Schneider Electric, the leader of digital transformation in energy management and automation, today announced that its global Secure Development Lifecycle (SDL) process has been certified to comply with the internationally recognized ISA/IEC 62443-4-1 cybersecurity standard. The certification, provided by TÜV Rheinland, a world leader in testing, inspection and certification services, warrants that cybersecurity is considered in every phase of the company’s product development process.
Schneider Electric was the first to have its site-specific SDL certified to the ISA/IEC 62443-4-1 standard, which specifies the process requirements for secure product development. Additionally, Schneider Electric’s product security engineers participated in the working group that developed the ISA/IEC 62443-4-1 standard.

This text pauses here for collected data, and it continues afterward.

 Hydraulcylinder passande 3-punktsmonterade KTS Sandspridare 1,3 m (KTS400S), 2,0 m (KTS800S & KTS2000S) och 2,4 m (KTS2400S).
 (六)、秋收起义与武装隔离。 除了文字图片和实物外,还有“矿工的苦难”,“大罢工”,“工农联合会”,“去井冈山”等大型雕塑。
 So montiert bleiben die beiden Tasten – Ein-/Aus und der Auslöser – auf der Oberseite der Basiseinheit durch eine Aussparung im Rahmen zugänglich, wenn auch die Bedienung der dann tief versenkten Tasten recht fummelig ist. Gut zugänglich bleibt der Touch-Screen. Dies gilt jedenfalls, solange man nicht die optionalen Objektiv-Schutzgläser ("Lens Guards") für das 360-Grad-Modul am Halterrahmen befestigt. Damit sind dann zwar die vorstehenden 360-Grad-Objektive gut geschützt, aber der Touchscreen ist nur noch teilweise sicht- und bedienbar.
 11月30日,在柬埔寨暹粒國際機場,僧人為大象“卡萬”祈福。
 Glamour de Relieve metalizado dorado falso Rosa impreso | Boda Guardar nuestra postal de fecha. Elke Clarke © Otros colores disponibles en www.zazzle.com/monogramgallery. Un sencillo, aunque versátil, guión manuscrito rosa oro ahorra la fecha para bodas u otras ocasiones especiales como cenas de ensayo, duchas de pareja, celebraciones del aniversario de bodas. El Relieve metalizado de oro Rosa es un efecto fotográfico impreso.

“Because we helped create the ISA/IEC 62443-4-1 standard, we were able to apply our unique experience to improve how we develop and deliver more secure products,” said Klaus Jaeckle, Chief Product Security Officer, Schneider Electric. “This certification from TÜV Rheinland affirms our commitment to improving the safety and security of our customers’ operations. We go beyond merely adhering to the ISA/IEC 62443-4-1 standard; we ensure cybersecurity becomes everyone’s job. Through this approach, we enable our customers to reduce risks to their people, their assets and their operations.”

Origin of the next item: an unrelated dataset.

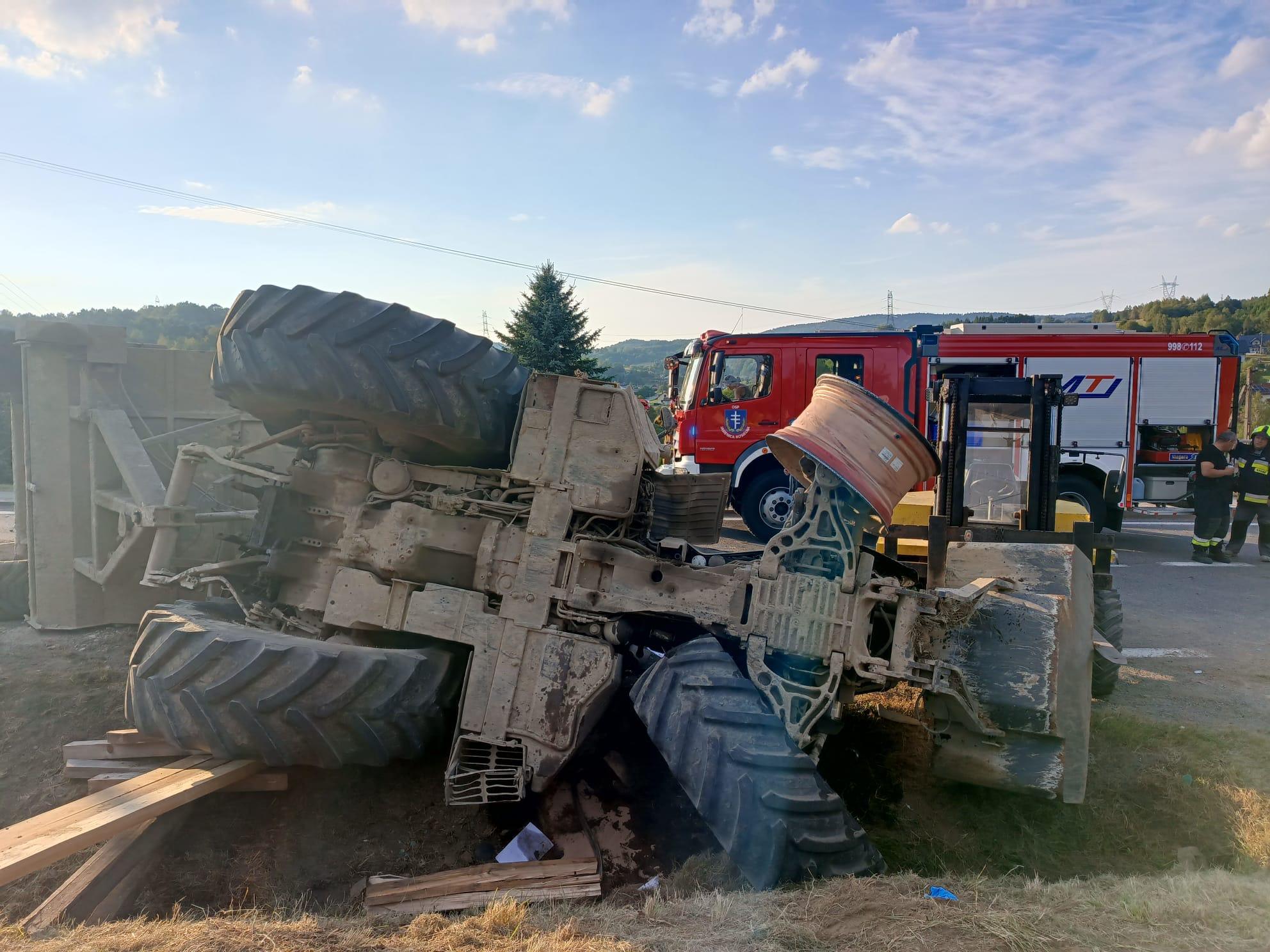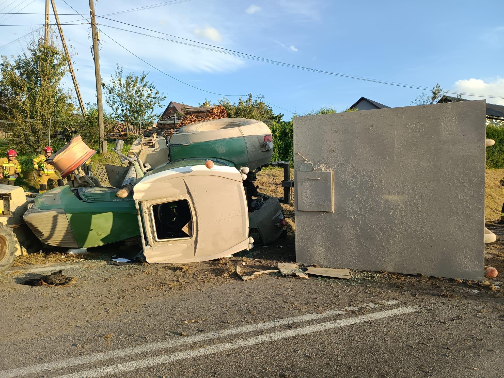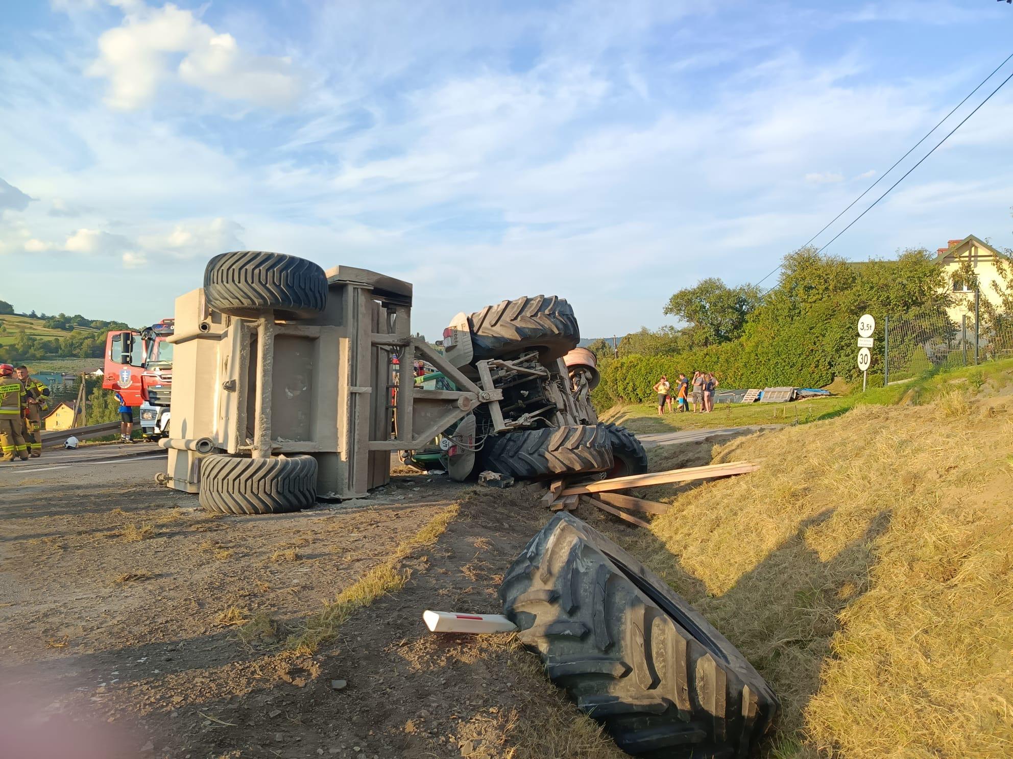 Ciągnik przewrócił się na lewy bok, blokując w całości jeden pas ruchu. Kierowcę udało się wyciągnąć spod przewróconego pojazdu.
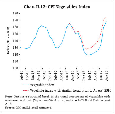 5 Monthly series of the CPI vegetable price index from January 2012 to June 2017 is decomposed into trend, cyclical, seasonal and irregular components using a univariate unobserved components model (UCM). The Supremum Wald test indicates a statistically significant break in August 2016, with the post-break trend sloping negatively. Comparing the observed vegetable price index with an index constructed by imputing the pre-break trend on to the post-break decomposition reveals a 6-10 percentage points deviation in inflation in 2017. Several caveats are in order: (i) the break is at the end of the sample; (ii) the post-break trend is negative sloping which means that reduction in prices on an enduring basis, controlling for other shocks and seasonality, is unlikely; and (iii) the July and August 2017 data already indicate a sharp reversal in vegetable prices. These need to be considered while interpreting the break as a structural change.represented as a function of deterministic trend and sum of all the shocks et. This formulation allows the decomposition of the deviation of inflation from its deterministic trend as the sum of contributions from various shocks.

The company’s global policies support SDL practices on every development project, from legacy to next generation, using improvement-oriented deep dives and process quality checklists. From product conception through commercialization, this unique, user-centric approach emphasizes specialized role-based training on the SDL practices, which ensures everyone involved in the development process is personally responsible for the security of the company’s offers. The training includes videos for every project role that stress responsibility and accountability and examine how SDL artifacts are integrated into all software, firmware, hardware and system development lifecycles.
“The TÜV Rheinland certification shows Schneider Electric’s serious commitment to developing, delivering and maintaining secure products, systems and solutions, from smart homes and cities to the most critical operations,” said Thomas Steffens, regional business segment manager, TÜV Rheinland. “Certifying its SDL process to the ISA/IEC 62443-4-1 standard means Schneider Electric has further strengthened its development process to help its customers avoid and counter cyber risks.”

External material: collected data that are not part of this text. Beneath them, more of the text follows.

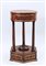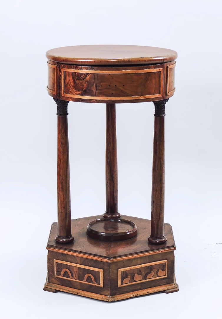 TAVOLINO TONDO IMPIALLACCIATO IN PIUMA E RADICA DI NOCE - BURR AND WALNUT TABLE seconda metà del XIX secolo - second half of 19th Century un cassetto nella fascia, tre sostegni a colonna con capitelli corinzi su base esagonale, difetti h cm 71, diam cm 39
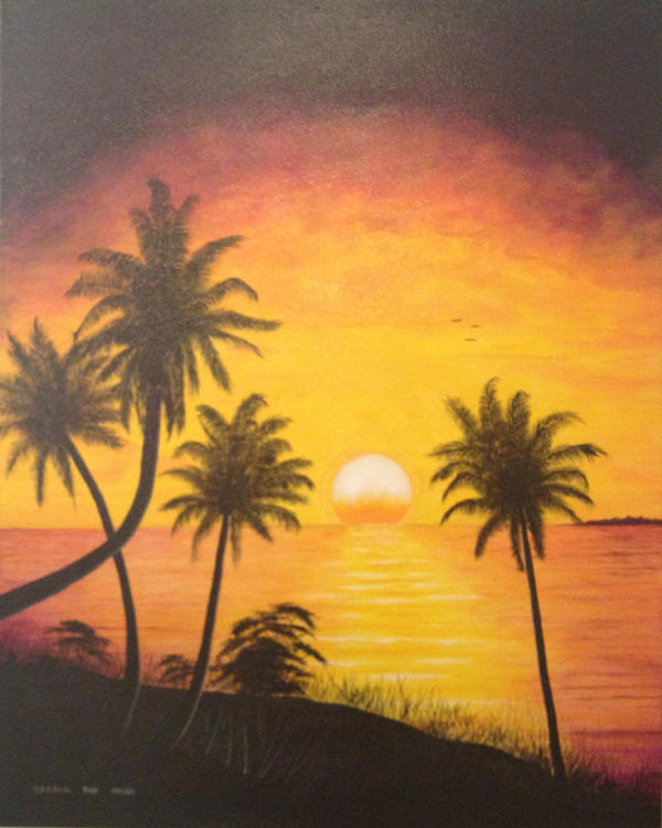 Painting: Acrylic on Canvas Beautiful sunset with silhouetted palms on Sunset Key overlooking the Gulf of Mexico near Key West. This is an original work. Height 30" x Width 24" Year Produced: Unknown Inventory ID SH_0008 Status: All Galleries Price: $325.00
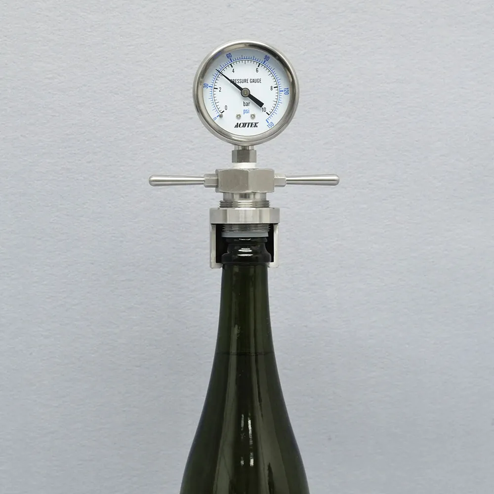 A durable, stainless steel device designed to monitor and measure pressure during secondary fermentation in bottled beverages, ensuring accurate and consistent readings for optimal carbonation and product quality.
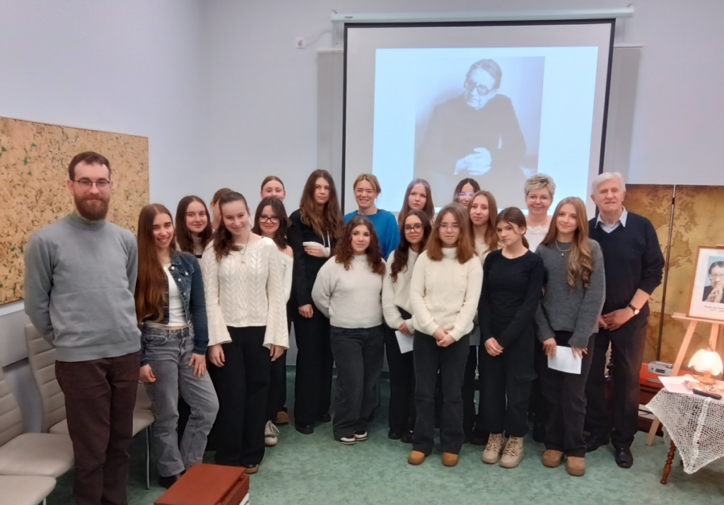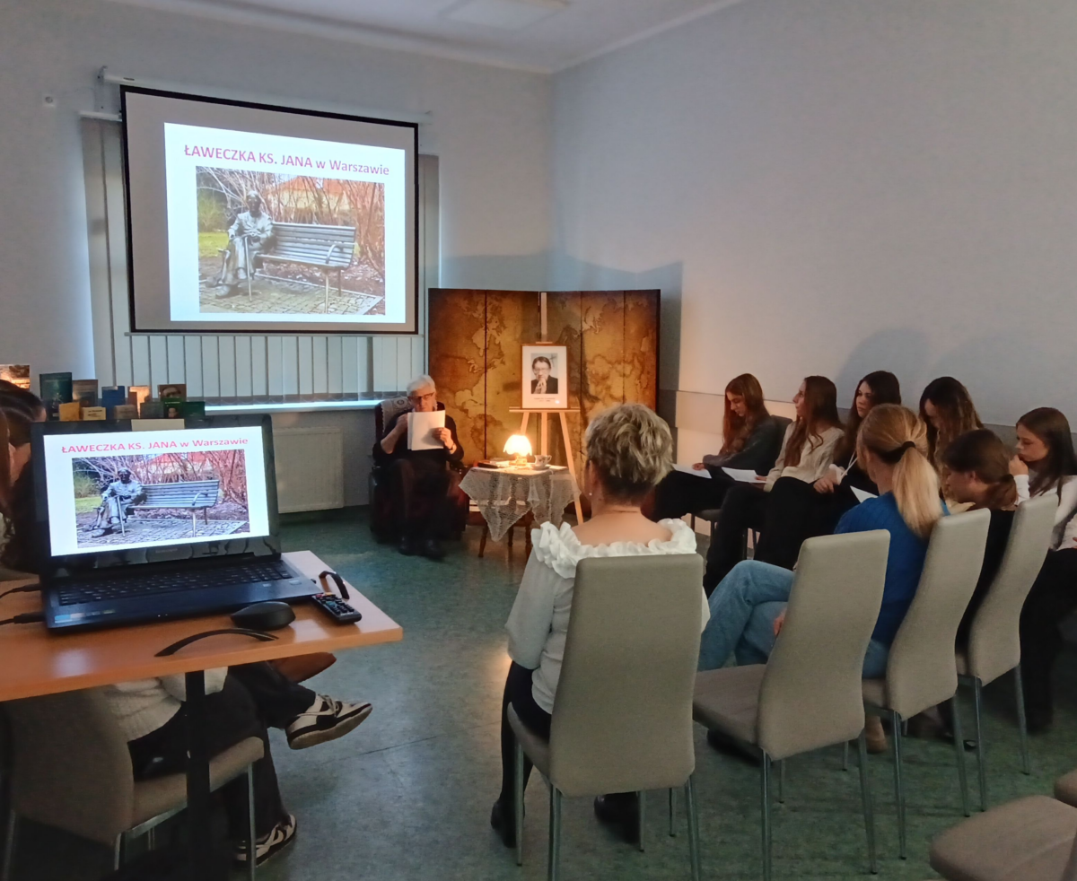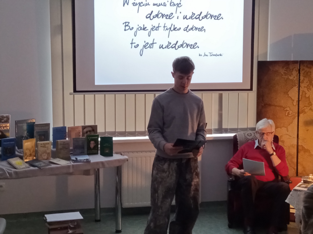 18 stycznia minęła dwudziesta rocznica śmierci księdza Jana Twardowskiego, jednego z najpopularniejszych i najbardziej chyba kochanych dziś, współczesnych polskich poetów. Od lat poprzez swoją poezję wskazywał on innym drogę do nieba. Tamtego dnia 2006 roku, poszedł nią sam… Z tej okazji 28 i 29 stycznia, w Bibliotece Pedagogicznej w Wolsztynie, odbyło się spotkanie z uczniami klasy I wolsztyńskiego Liceum, oraz III klasy Technikum, poświęcone życiu i twórczości tego poety. Uczniom, którzy w trakcie spotkania prezentowali niektóre wiersze poety, towarzyszyli ich klasowi wychowawcy – mgr Jagoda Jasionowska oraz mgr Janusz Mrozkowiak. Organizatorami spotkania było Katolickie Stowarzyszenie ,,Civitas Christiana” i Biblioteka Pedagogiczna. Ksiądz Jan Twardowski był poetą niezwykłym, który łamał powszechne pojęcie o poezji. Nie było w niej metafizyki, niezrozumiałej symboliki, rozbudowanych metafor, epitetów czy surowego dydaktyzmu. Był w niej przede wszystkim człowiek, otwarty na wymiar Bożej miłości. Była prostota, niewinność, łagodność, czasami subtelna ironia, humor i ciepła anegdota. Nazywał rzeczy po imieniu, zachwycony różnorodnością barw,, zapachów i dźwięków, przenosił czytelnika w świat krajobrazów, stanów ducha i kontemplacji. Nie zasłaniał ludziom Boga, nie gromił, ale w mądry i subtelny sposób uczył, że nie ma wiary oprawionej w ramki, nie ma w życiu sytuacji bez wyjścia…Przywracał wiarę w Boga, chroniąc nas od rozpaczy i beznadziejności. Nie zasłaniał Boga sobą, on Go sobą odsłaniał, jak w tym wierszu, zatytułowanym ,, Żebym nie zasłaniał sobą siebie” Urodził się w Warszawie w ,,Dzień Dziecka” – 1.06.1915 roku. Może dlatego tyle potem pisał o dzieciach. Ukończył renomowane gimnazjum imienia Tadeusza Czackiego. W 1936 zdał maturę, zaś w 37 rozpoczął studia polonistyczne na Uniwersytecie Warszawskim. W tym samy roku wydał swój pierwszy tomik wierszy, zatytułowany ,,Powrót Andersena”. Podczas wojny walczył jako żołnierz w Armii Krajowej; brał udział w Powstaniu Warszawskim, choć nigdy i nigdzie o tym nie wspominał. W 1945 roku a więc w wieku 30 lat wstąpił do seminarium duchownego w Warszawie. Święcenia kapłańskie przyjął 4 lipca 1948 roku a rok wcześniej ukończył studia polonistyczne, pisząc pod kierunkiem prof. Wacława Borowego prace magisterską o ,,Godzinie myśli” Juliusza Słowackiego… Jego pierwszą parafią był Żbików, gdzie pracował w szkole specjalnej. To dla tych upośledzonych dzieci napisał wiersz ,,Do moich uczniów.”

Founding Member of ISA Global Cybersecurity Alliance
Schneider Electric recognizes the importance of cybersecurity and the increasing impact it has on customers in every industrial segment. In July 2019, Schneider Electric joined the International Society of Automation Global Cybersecurity Alliance as a Founding Member. With an understanding that the entire ecosystem needs to recognize and consistently respond to emerging cyber threats, the ISA created the Global Cybersecurity Alliance to advance cybersecurity readiness in worldwide manufacturing and critical infrastructure facilities and processes. Bringing together end-user companies, technology and systems vendors, IT infrastructure vendors, services providers, system integrators and other organizations, the Alliance proactively addresses growing and emerging cyber threats, with a focus on driving awareness, advocacy and adoption of the ISA/IEC 62443 set of standards.